Neuromas are considered “tumors” of neural structures. For purposes of this chapter, we refer to non-neoplastic neuromas. Neuromas typically form following surgical transection, trauma, or entrapment. Neuromas are considered to be discrete enlargements. If superficial, they may be palpable. If deeper, they may be visualized with noninvasive imaging tools (MRI, ultrasound).
Like trigger points, a neuroma can be stimulated with normal palpation (allodynia). Painful stimuli over a neuroma may lead to an excessive or prolonged pain response, ie, hyperalgesia and hyperpathia. Due to dysfunction of this neural tissue, there may be impairment in conduction. Motor function and sensory processing may be dysfunctional. Autonomous and maladaptive reflexes may be present.
Infiltration with a local anesthetic and steroid may be therapeutic. Perineural infiltration is preferred, since intraneural injections may lead to permanent nerve damage and paradoxically, a deafferentation pain syndrome.
Neuroma injections (NIs) are commonly used as a treatment option in patients with acute and chronic pain. Pain can be present at rest or with movement. Neuroma pain may be exacerbated with constriction, eg, stump and the Morton neuromas.
Trigger points are commonly present in patients who have undergone surgery. This is especially true when the surgical scar injured a peripheral nerve, eg, limb amputation or rib resection or retraction.
Neuromas may be found in the surgical bed:
Neuromas may be confused with tender points, as is usually found in patients with fibromyalgia. Unlike fibromyalgia, neuromas are typically isolated and develop secondary to a specific event.

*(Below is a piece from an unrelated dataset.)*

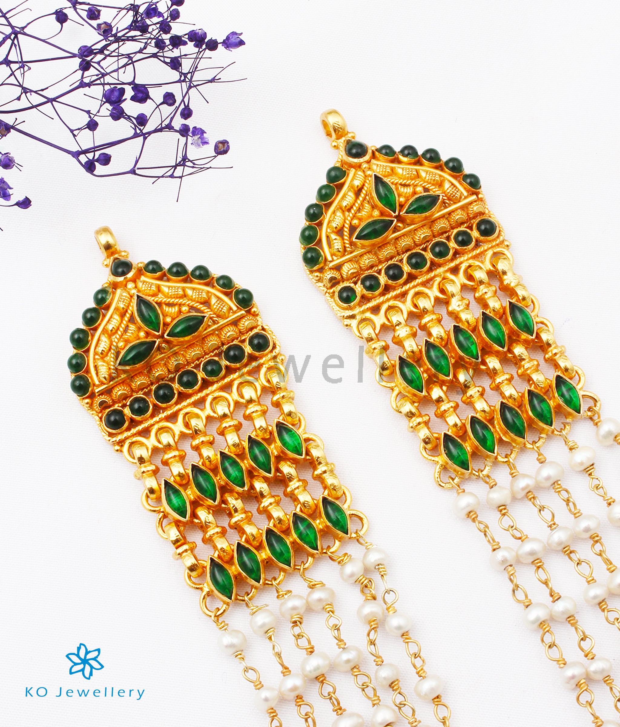 Gemstones used: natural cultured Pearl, kempu stone (also known as spinel or Zircon).

Physical examination findings include:
A palpable and tender swelling that is painful with light touch (allodynia).
Deeper pressure leads to a more protracted (hyperpathic) and heightened (hyperalgesic) pain response.

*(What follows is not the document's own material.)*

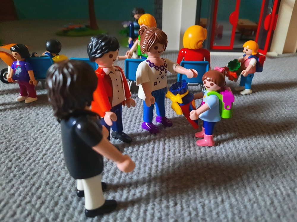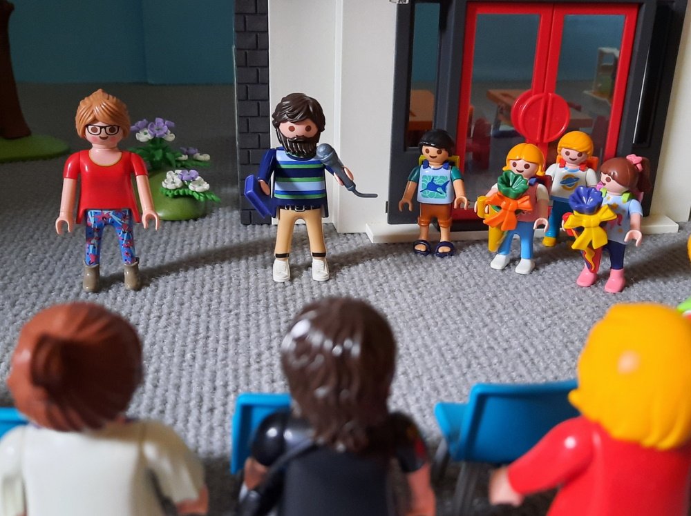 "Als nächstes möchte ich Ihnen und euch, liebe Kinder, die Klassenlehrerin vorstellen."

The scar should be healed.
Poorly healing scars or ulcers should be addressed, before considering neuroma injections.
Some healed surgical scars may demonstrate dystrophic or color changes.
There may be a significant amount of allodynia, distributed around the scar.
In this situation, there may be a heightened sympathetic response in addition to the presence of neuromas.
Passive stretching of the scar or focal neuroma compression should elicit pain.
This pain should be eliminated following a neuroma injection.
Arguably, a pressure algometer, as described in the trigger point injection chapter, may be useful: “an increase in the pressure pain threshold by 2 to 3 kg, immediately after the NI will indicate an effective injection.”
GOAL OF NEUROMA INJECTIONS
The primary goal of the neuroma injections is to inactivate the neuromas by anesthetizing the primary area of pain through needling and infiltration with an injectable solution.